21.7.5. Extending Net-SNMP

The Net-SNMP Agent can be extended to provide application metrics in addition to raw system metrics. This allows for capacity planning as well as performance issue troubleshooting. For example, it may be helpful to know that an email system had a 5-minute load average of 15 while being tested, but it is more helpful to know that the email system has a load average of 15 while processing 80,000 messages a second. When application metrics are available via the same interface as the system metrics, this also allows for the visualization of the impact of different load scenarios on system performance (for example, each additional 10,000 messages increases the load average linearly until 100,000).

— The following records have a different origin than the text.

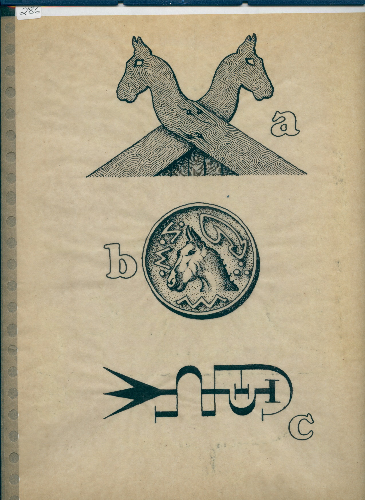R/2/286 – drawing of a frontispiece of 2 horse heads, coin with horse head and a sigil
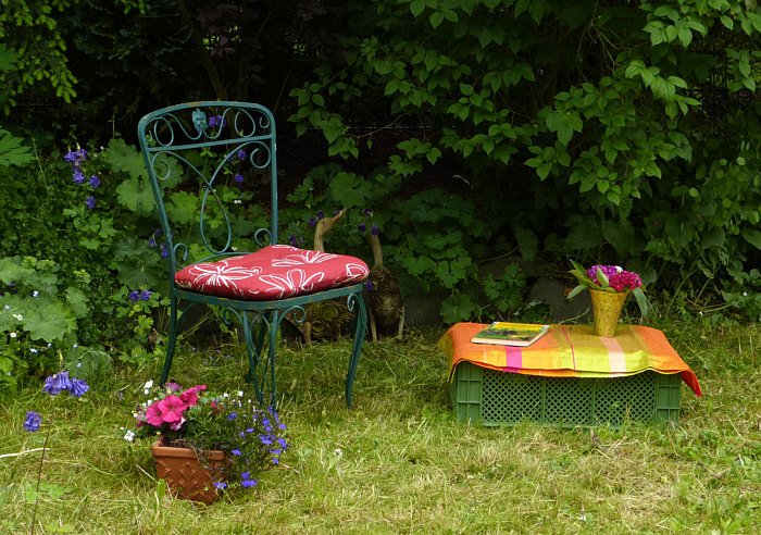 Direkt daneben mit Blick auf die Wiese könnten wir uns hinsetzen ...
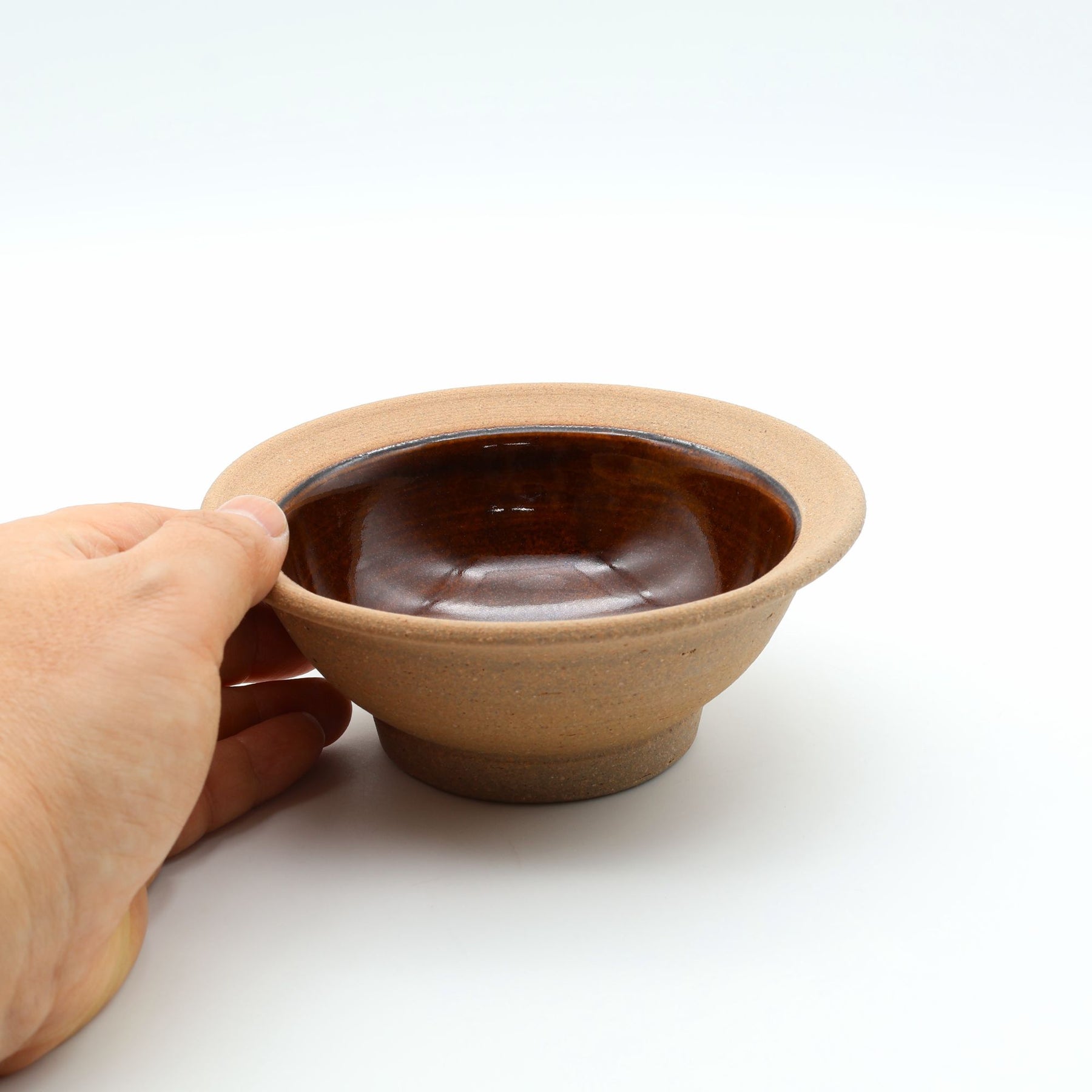 外側の焼締めた土本来のざらりとした質感と、艶のある内側のコントラストが美しく、質感の対比が楽しめる一品。日々の食卓で活躍してくれる小鉢です。
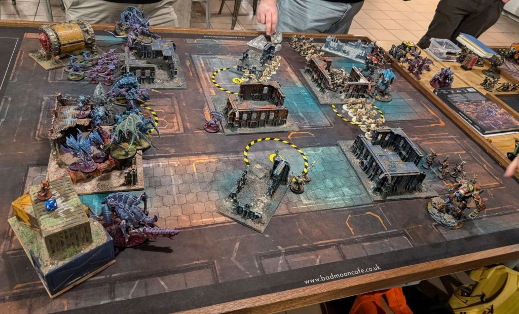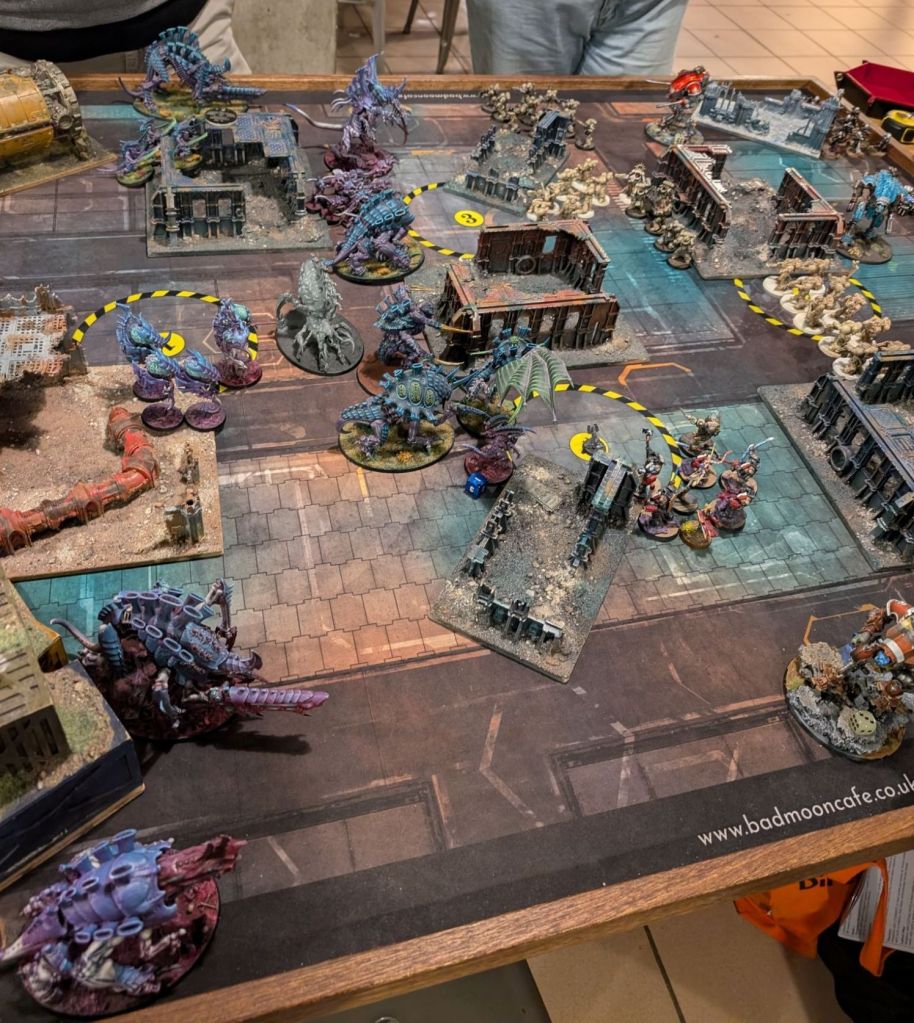 One of the Armigers was cut down by a Tyrannofex but this success was not repeated on the other flank where the living artillery failed to do any damage. The Hive Tyrant was killed by the Inquisitor, marking the first complete objective for the Imperial side. Imperial fire also caused further injury to the Norn Emissary but it still lived, defiantly claiming key ground and, appearing bolstered by this, slew all but one of the Infernus Marines. The skies darkened as a mass of Gargoyles descended, forming a living barrier between the remaining Terminators and the Neurotyrant.
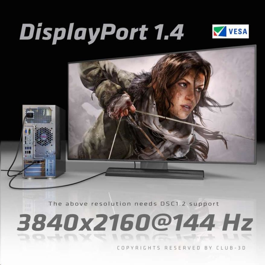 - Club 3D DisplayPort™ 1.4 HBR3 8K kábel.
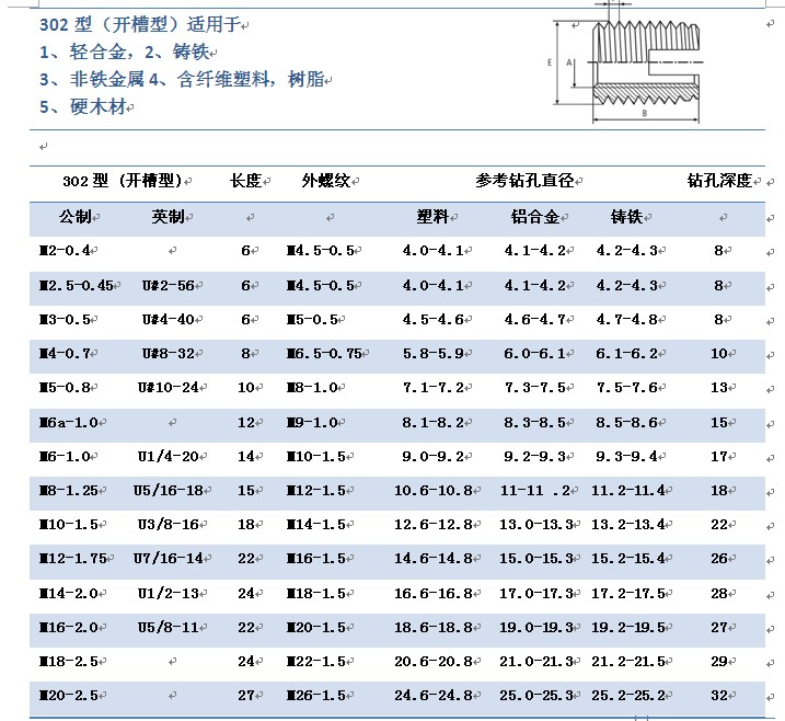 (1)开槽型,又名302型,螺套头部开有一个切削槽,实现自攻特性;

A number of the applications included in Red Hat Enterprise Linux extend the Net-SNMP Agent to provide application metrics over SNMP. There are several ways to extend the agent for custom applications as well. This section describes extending the agent with shell scripts and the Perl plug-ins from the Optional channel. It assumes that the net-snmp-utils and net-snmp-perl packages are installed, and that the user is granted access to the SNMP tree as described in Section 21.7.3.2, “Configuring Authentication”.

21.7.5.1. Extending Net-SNMP with Shell Scripts

The Net-SNMP Agent provides an extension MIB (NET-SNMP-EXTEND-MIB) that can be used to query arbitrary shell scripts. To specify the shell script to run, use the extend directive in the /etc/snmp/snmpd.conf file. Once defined, the Agent will provide the exit code and any output of the command over SNMP. The example below demonstrates this mechanism with a script which determines the number of httpd processes in the process table.

Note

The Net-SNMP Agent also provides a built-in mechanism for checking the process table via the proc directive. See the snmpd.conf(5) manual page for more information.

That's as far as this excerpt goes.